Eso es la quimioterapia…

La sala donde te suministran la quimioterapia es oscura, como casi todas las cosas que rodean al cáncer. Allí no hay Pedros, ni amigos, sólo unas horas detenidas en el tiempo en las que intentas no pensar en nada. Eso es la quimioterapia, eso y la rabia de saber que hay algo dentro de tu cuerpo, un intruso, que de alguna manera va a acabar jodiéndote.

Aquella primera sesión me quemó la garganta y me dejó sin fuerza durante unos cuantos días, pero salí adelante. La segunda sesión pudo conmigo y una tarde-noche del mes de noviembre la fiebre comenzó a subir y yo terminé en un taxi camino del Hospital Miguel Servet junto a mi mujer y mi hija Ángela. Entonces apenas sabíamos de nada.
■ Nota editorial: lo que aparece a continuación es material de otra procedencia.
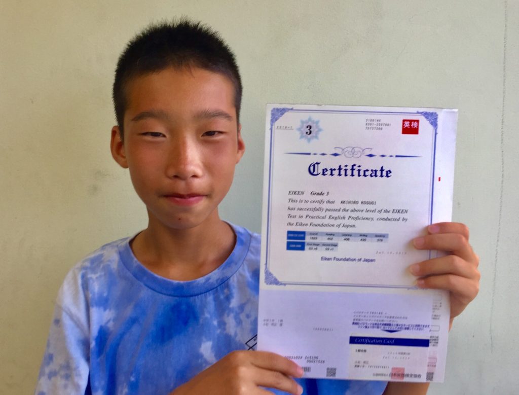 2019.08.01 合格者たち 【英検3級合格】中学3年サッカー少年 3度目の3級チャレンジを成る木塾で突破 忙しい学校生活とサッカー部の厳しいトレーニングの合間に宿題を済ませて、効率良く合格を成し遂げました。 次はこのまま準2級突破を目指します。 英検取るなら成る木塾

Esperamos y esperamos, hasta que a eso de las doce de la noche un médico de urgencia aseguró que tenía que quedarme ingresado: mis defensas no existían.

Aquélla fue la primera vez que me ingresaron en la planta de Oncología: habitación 807, y aquélla también fue la primera vez que me enfrente al cáncer reflejado en mi compañero de habitación, un hombre al que habían operado de estómago y que se encontraba en una situación muy delicada. Se llamaba Andrés y le gustaba fumar y decía que seguiría haciéndolo hasta que muriera. En aquellos días yo estaba bastante fastidiado y la verdad es que mi relación con Andrés fue muy escasa: él tenía dificultad para hablar y yo muy pocas ganas.

Los amigos fueron desfilando en esos días por la habitación 807 para intentar amenizar mi tiempo. Me acuerdo sobre todo de Miguel Mena; Miguel vino uno de los primeros y la tarde que pasé junto a él la recuerdo por dos razones: cogió una silla y se sentó al lado de mi cama para estar conmigo, junto a mí; después comenzó a hablarme de su vida. Normalmente con mis amigos hablo de política, de literatura, de fútbol, de Aragón, de las cosas que les pasan a los demás, pero nunca de las que nos pasan a nosotros mismos. Miguel encierra en su cuerpo una gran ternura y aquella tarde en aquella habitación de hospital me desgranó una parte importante de su vida, la que estaba padeciendo en aquellos días. Por unos momentos me sentí menos víctima.

Los días de hospital son largos y de eso iba a acabar sabiendo mucho. En aquella ocasión sólo estuve ingresado cuatro días, y la verdad es que la mayor parte del tiempo la pasé leyendo y escuchando la radio, que para mí siempre ha sido un lugar en el que refugiarme. Soy lector habitual de periódicos, pero la radio forma parte de mi vida, de mi infancia. Para mí es un tesoro que te permite no estar solo y eso en un hospital es fundamental, ya que los hospitales suelen ponerte la cabeza en un lugar cerrado del que es difícil salir: hay un orden circular que acaba convirtiéndote en un ser totalmente prescindible. Yo descubrí eso en mi primer ingreso y lo terrible es que lo he seguido experimentando en los demás: estás vivo, pero tu vida está detenida, también tu pensamiento. Son como ciudades dentro de otras ciudades, pero son ciudades en las que no se construye ni se transforma nada, sólo se espera: el alta o la muerte.